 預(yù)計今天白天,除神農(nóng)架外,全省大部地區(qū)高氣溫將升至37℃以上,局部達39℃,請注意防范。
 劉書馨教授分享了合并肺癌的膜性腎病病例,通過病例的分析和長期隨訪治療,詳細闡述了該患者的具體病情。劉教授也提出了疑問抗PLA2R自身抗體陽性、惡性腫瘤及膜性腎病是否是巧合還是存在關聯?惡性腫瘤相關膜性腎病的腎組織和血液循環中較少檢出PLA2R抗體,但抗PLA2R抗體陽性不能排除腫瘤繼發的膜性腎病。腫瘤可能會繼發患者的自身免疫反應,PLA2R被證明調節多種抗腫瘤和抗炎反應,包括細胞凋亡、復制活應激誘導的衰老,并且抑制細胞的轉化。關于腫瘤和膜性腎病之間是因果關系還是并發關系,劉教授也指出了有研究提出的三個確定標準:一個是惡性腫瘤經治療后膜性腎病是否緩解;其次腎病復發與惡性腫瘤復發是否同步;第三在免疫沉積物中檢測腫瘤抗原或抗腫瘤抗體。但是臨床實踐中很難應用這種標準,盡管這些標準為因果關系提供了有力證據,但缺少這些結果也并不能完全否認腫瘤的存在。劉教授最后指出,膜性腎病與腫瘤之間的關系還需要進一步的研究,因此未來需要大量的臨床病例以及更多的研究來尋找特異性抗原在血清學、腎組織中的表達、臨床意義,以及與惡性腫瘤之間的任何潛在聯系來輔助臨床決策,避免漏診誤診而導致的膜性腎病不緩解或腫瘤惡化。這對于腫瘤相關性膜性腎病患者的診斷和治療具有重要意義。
---*---
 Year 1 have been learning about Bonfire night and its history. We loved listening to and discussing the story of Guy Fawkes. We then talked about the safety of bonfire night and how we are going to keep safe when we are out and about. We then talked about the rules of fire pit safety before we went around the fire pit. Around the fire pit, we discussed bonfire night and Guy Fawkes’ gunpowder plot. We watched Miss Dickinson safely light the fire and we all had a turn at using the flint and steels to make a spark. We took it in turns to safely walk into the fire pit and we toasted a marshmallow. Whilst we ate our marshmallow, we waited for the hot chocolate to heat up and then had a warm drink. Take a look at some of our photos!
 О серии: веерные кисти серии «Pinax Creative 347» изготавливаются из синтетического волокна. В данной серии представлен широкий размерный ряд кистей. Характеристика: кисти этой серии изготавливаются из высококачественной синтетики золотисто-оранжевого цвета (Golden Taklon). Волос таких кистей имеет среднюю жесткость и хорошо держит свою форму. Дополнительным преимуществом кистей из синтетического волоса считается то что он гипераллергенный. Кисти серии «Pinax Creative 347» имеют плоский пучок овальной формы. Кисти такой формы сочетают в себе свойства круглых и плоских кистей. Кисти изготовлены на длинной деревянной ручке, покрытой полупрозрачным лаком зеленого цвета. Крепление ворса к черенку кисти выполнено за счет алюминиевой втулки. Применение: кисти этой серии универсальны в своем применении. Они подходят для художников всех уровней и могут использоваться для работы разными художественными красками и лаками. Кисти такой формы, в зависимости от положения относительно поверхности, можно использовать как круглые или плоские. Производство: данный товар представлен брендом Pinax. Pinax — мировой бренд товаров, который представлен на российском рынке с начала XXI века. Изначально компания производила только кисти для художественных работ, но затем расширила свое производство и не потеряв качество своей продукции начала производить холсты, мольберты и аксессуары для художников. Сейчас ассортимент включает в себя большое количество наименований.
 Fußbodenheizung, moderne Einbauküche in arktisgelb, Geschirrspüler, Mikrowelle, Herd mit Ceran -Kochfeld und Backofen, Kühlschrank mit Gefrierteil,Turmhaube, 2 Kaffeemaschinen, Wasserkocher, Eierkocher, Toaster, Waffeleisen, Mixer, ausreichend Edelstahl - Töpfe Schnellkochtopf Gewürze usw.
---*---
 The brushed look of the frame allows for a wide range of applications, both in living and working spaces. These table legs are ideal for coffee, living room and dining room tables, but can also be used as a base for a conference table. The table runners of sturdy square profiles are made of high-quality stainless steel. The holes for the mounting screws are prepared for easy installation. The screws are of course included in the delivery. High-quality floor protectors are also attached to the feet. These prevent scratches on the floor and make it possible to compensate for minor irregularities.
---*---
After locating the line holding "預(yù)計今天白天,除神農" above, output exactly that line and every line after it through the line holding "劉書馨教授分享了合并肺癌的膜". Include nothing else.

[Written solution]:
 預(yù)計今天白天,除神農(nóng)架外,全省大部地區(qū)高氣溫將升至37℃以上,局部達39℃,請注意防范。
 劉書馨教授分享了合并肺癌的膜性腎病病例,通過病例的分析和長期隨訪治療,詳細闡述了該患者的具體病情。劉教授也提出了疑問抗PLA2R自身抗體陽性、惡性腫瘤及膜性腎病是否是巧合還是存在關聯?惡性腫瘤相關膜性腎病的腎組織和血液循環中較少檢出PLA2R抗體,但抗PLA2R抗體陽性不能排除腫瘤繼發的膜性腎病。腫瘤可能會繼發患者的自身免疫反應,PLA2R被證明調節多種抗腫瘤和抗炎反應,包括細胞凋亡、復制活應激誘導的衰老,并且抑制細胞的轉化。關于腫瘤和膜性腎病之間是因果關系還是并發關系,劉教授也指出了有研究提出的三個確定標準:一個是惡性腫瘤經治療后膜性腎病是否緩解;其次腎病復發與惡性腫瘤復發是否同步;第三在免疫沉積物中檢測腫瘤抗原或抗腫瘤抗體。但是臨床實踐中很難應用這種標準,盡管這些標準為因果關系提供了有力證據,但缺少這些結果也并不能完全否認腫瘤的存在。劉教授最后指出,膜性腎病與腫瘤之間的關系還需要進一步的研究,因此未來需要大量的臨床病例以及更多的研究來尋找特異性抗原在血清學、腎組織中的表達、臨床意義,以及與惡性腫瘤之間的任何潛在聯系來輔助臨床決策,避免漏診誤診而導致的膜性腎病不緩解或腫瘤惡化。這對于腫瘤相關性膜性腎病患者的診斷和治療具有重要意義。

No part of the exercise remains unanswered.